Matthew Calbraith Butler (March 8, 1836April 14, 1909) was a Confederate soldier, an American military commander and attorney and politician from South Carolina. He served as a major general in the Confederate States Army during the American Civil War, postbellum three-term United States Senator, and a major general in the United States Army during the Spanish–American War.

Early life and career
Butler was born at Eagle's Crag near Greenville, South Carolina, to a large and prominent family of politicians and military men. His grandfather was U.S. Congressman William Butler. His mother, Jane Tweedy Perry of Rhode Island, was the sister of Commodore Oliver Hazard Perry and Matthew Calbraith Perry, for whom Matthew Calbraith Butler is named. His father, William Butler, Jr., was a Congressman beginning in 1841.

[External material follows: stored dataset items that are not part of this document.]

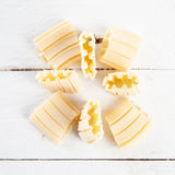 Not your standard Paccheri pasta shape. Paccheri Greci are tubular in shape like paccheri, but flat and have ridges. One of the cuts of pasta that Marella are most proud of, just like we are!
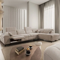 Narożnik z funkcją spania Penejos VII beżowy lewostronny stylowy narożnik z pojemnikiem na pościel wygodne regulowane zagłówki
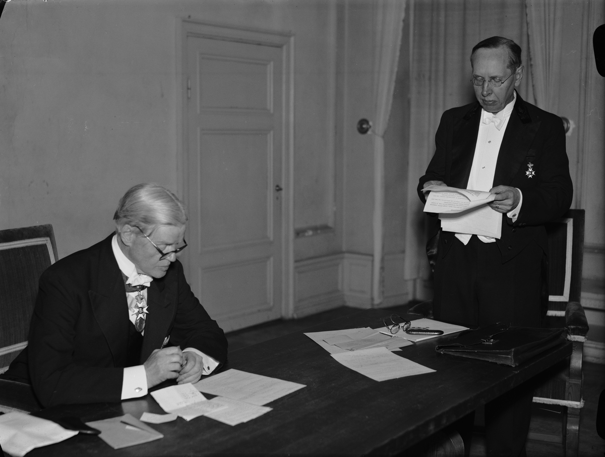 "Gustav Adolfsakademien firade glansfullt sitt tioårsjubileum" - högtidssammanträdets presidium, statsrådet K G Westman och professor Jöran Sahlgren, Värmlands studentnation, Uppsala november 1942

His uncle Andrew Butler was a U.S. Senator from South Carolina and uncle Pierce Mason Butler was Governor of South Carolina. One of Matthew Butler's first cousins was Congressman Preston Brooks, who assaulted Senator Charles Sumner in 1856 on the floor of the U.S. Senate with a cane. He said it was because Sumner had insulted Senator Andrew Butler, at whose home Matthew lived as a young man. Two of Butler's first cousins twice removed were James Bonham (killed at the Battle of the Alamo) and Confederate General Milledge Luke Bonham.

In 1848 Butler went with his father to Arkansas but returned in 1851 to live with his uncle, who resided in Edgefield, South Carolina. He received his initial education in the city's Edgefield Academy, and then attended the South Carolina College, where he was a member of the Delta Kappa Epsilon fraternity, graduating in 1856. He studied law, was admitted to the state's bar association in 1857, and began practicing as a lawyer in Edgefield. He was elected to the South Carolina House of Representatives in 1860, but resigned in 1861 when the American Civil War began.

Marriage and family
On February 25, 1858, Butler married Maria Calhoun Pickens. She was the daughter of Francis Wilkinson Pickens, who was elected as governor of the state.

Civil War years

During the Civil War, Butler served in the cavalry in the Confederate Army of Northern Virginia, serving in Hampton's Legion, attaining the rank of captain on June 12, 1861, and then Major on July 21, 1861. When the legion's cavalry battalion was consolidated with the 4th South Carolina Battalion and became the 2nd South Carolina Cavalry Regiment on August 22, 1862, Butler was elected its colonel. Participating in many major actions with Hampton's Legion and the 2nd SC Cavalry, Butler lost his right foot to rifle fire at Battle of Brandy Station. He attained the rank of brigadier general in February 1864 and was referred to as "General Butler" in the postwar period.

Butler led a brigade in Wade Hampton's division of the Cavalry Corps. When Hampton took command of that corps, Butler became division commander. Late in the war, he transferred to the Carolinas together with Lt. Gen. Hampton, leading a division at the Battle of Bentonville. General Butler was wounded again in that action.

Postbellum
Financially ruined as a result of the war, Butler resumed his career as a lawyer in Edgefield. He was elected to the South Carolina House of Representatives beginning in 1866. He became a member of the Democratic Party and ran unsuccessfully for lieutenant governor in 1870 during the Reconstruction era. He was a member of the pro-black Union Reform party.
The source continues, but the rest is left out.